━━━━━ Data block
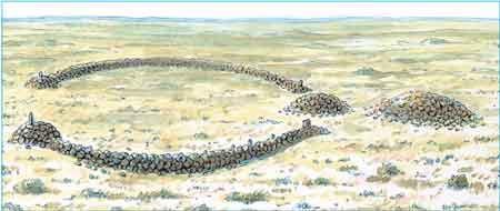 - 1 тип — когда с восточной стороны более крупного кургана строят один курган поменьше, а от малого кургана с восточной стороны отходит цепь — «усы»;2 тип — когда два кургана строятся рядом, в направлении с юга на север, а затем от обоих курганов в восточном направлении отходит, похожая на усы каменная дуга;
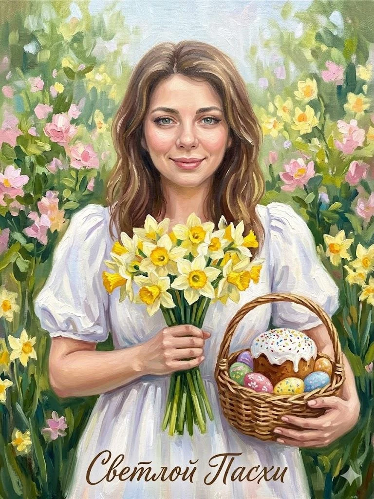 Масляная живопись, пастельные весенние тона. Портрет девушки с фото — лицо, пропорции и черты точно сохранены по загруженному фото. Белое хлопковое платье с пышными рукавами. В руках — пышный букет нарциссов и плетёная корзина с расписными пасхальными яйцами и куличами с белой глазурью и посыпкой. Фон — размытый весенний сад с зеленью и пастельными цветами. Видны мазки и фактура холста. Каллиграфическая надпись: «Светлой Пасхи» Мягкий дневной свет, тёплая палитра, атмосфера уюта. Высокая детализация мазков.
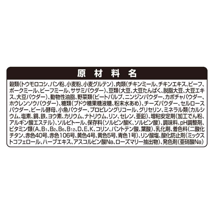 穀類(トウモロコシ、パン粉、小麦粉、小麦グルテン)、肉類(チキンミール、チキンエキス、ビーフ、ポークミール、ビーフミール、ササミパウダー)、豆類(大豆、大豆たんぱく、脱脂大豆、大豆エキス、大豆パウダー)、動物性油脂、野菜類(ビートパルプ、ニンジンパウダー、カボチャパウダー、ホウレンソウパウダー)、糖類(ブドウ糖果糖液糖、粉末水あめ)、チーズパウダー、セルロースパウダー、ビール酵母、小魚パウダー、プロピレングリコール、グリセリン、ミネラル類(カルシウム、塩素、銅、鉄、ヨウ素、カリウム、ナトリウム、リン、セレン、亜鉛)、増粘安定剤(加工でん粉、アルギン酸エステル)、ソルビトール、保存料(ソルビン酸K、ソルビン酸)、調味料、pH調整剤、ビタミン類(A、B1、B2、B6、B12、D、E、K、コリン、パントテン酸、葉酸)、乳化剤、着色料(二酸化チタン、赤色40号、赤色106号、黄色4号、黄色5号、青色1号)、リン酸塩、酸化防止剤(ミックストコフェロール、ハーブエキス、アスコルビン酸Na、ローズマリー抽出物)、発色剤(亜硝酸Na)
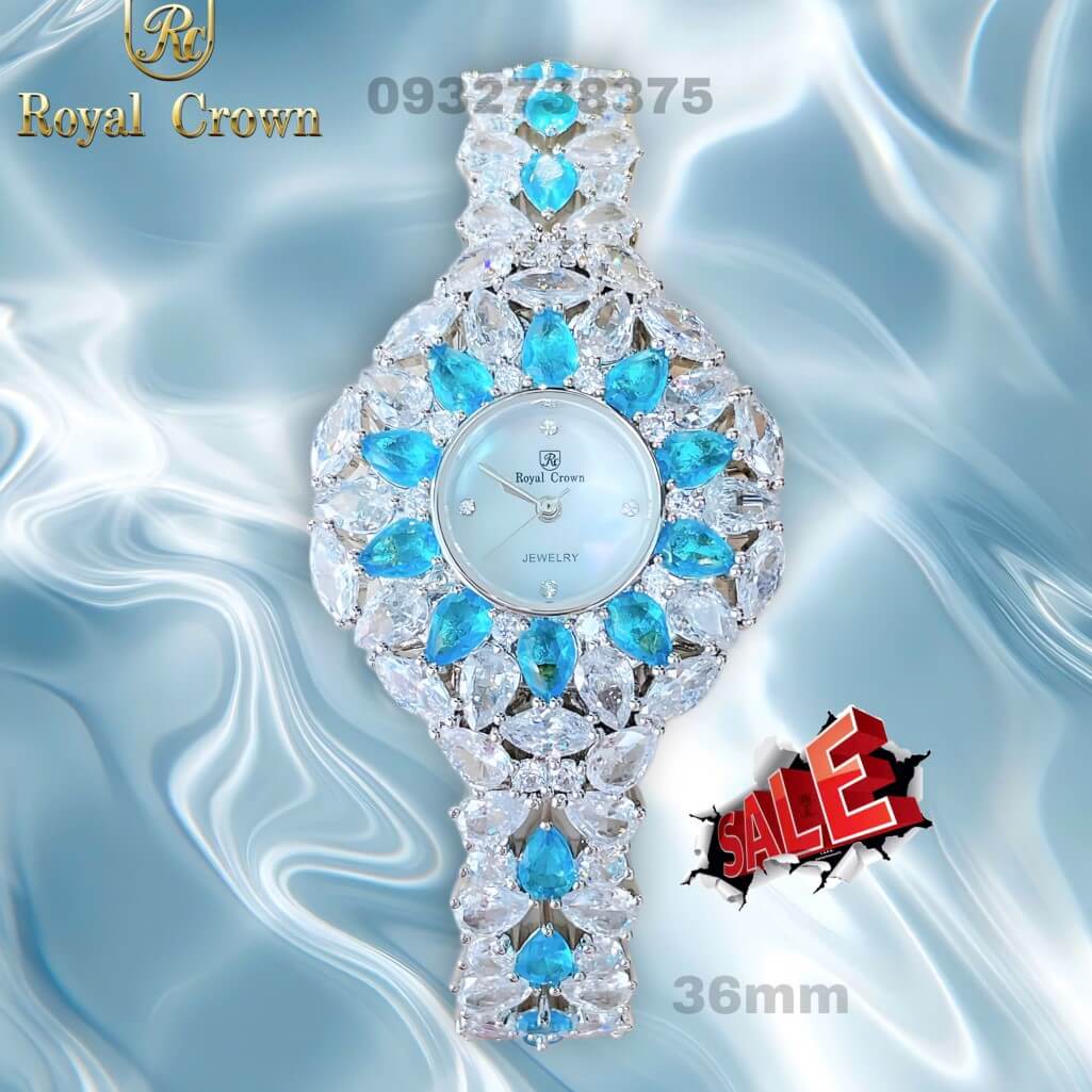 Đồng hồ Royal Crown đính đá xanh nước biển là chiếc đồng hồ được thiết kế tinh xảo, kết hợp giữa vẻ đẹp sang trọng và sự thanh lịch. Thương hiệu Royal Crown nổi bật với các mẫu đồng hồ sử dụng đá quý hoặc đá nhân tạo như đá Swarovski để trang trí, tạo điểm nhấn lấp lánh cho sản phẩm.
━━━━━━━━━━
[Exercise description]:
Please set down the whole listing above exactly and skip every picture.

[Response to the task]:
 - 1 тип — когда с восточной стороны более крупного кургана строят один курган поменьше, а от малого кургана с восточной стороны отходит цепь — «усы»;2 тип — когда два кургана строятся рядом, в направлении с юга на север, а затем от обоих курганов в восточном направлении отходит, похожая на усы каменная дуга;
 Масляная живопись, пастельные весенние тона. Портрет девушки с фото — лицо, пропорции и черты точно сохранены по загруженному фото. Белое хлопковое платье с пышными рукавами. В руках — пышный букет нарциссов и плетёная корзина с расписными пасхальными яйцами и куличами с белой глазурью и посыпкой. Фон — размытый весенний сад с зеленью и пастельными цветами. Видны мазки и фактура холста. Каллиграфическая надпись: «Светлой Пасхи» Мягкий дневной свет, тёплая палитра, атмосфера уюта. Высокая детализация мазков.
 穀類(トウモロコシ、パン粉、小麦粉、小麦グルテン)、肉類(チキンミール、チキンエキス、ビーフ、ポークミール、ビーフミール、ササミパウダー)、豆類(大豆、大豆たんぱく、脱脂大豆、大豆エキス、大豆パウダー)、動物性油脂、野菜類(ビートパルプ、ニンジンパウダー、カボチャパウダー、ホウレンソウパウダー)、糖類(ブドウ糖果糖液糖、粉末水あめ)、チーズパウダー、セルロースパウダー、ビール酵母、小魚パウダー、プロピレングリコール、グリセリン、ミネラル類(カルシウム、塩素、銅、鉄、ヨウ素、カリウム、ナトリウム、リン、セレン、亜鉛)、増粘安定剤(加工でん粉、アルギン酸エステル)、ソルビトール、保存料(ソルビン酸K、ソルビン酸)、調味料、pH調整剤、ビタミン類(A、B1、B2、B6、B12、D、E、K、コリン、パントテン酸、葉酸)、乳化剤、着色料(二酸化チタン、赤色40号、赤色106号、黄色4号、黄色5号、青色1号)、リン酸塩、酸化防止剤(ミックストコフェロール、ハーブエキス、アスコルビン酸Na、ローズマリー抽出物)、発色剤(亜硝酸Na)
 Đồng hồ Royal Crown đính đá xanh nước biển là chiếc đồng hồ được thiết kế tinh xảo, kết hợp giữa vẻ đẹp sang trọng và sự thanh lịch. Thương hiệu Royal Crown nổi bật với các mẫu đồng hồ sử dụng đá quý hoặc đá nhân tạo như đá Swarovski để trang trí, tạo điểm nhấn lấp lánh cho sản phẩm.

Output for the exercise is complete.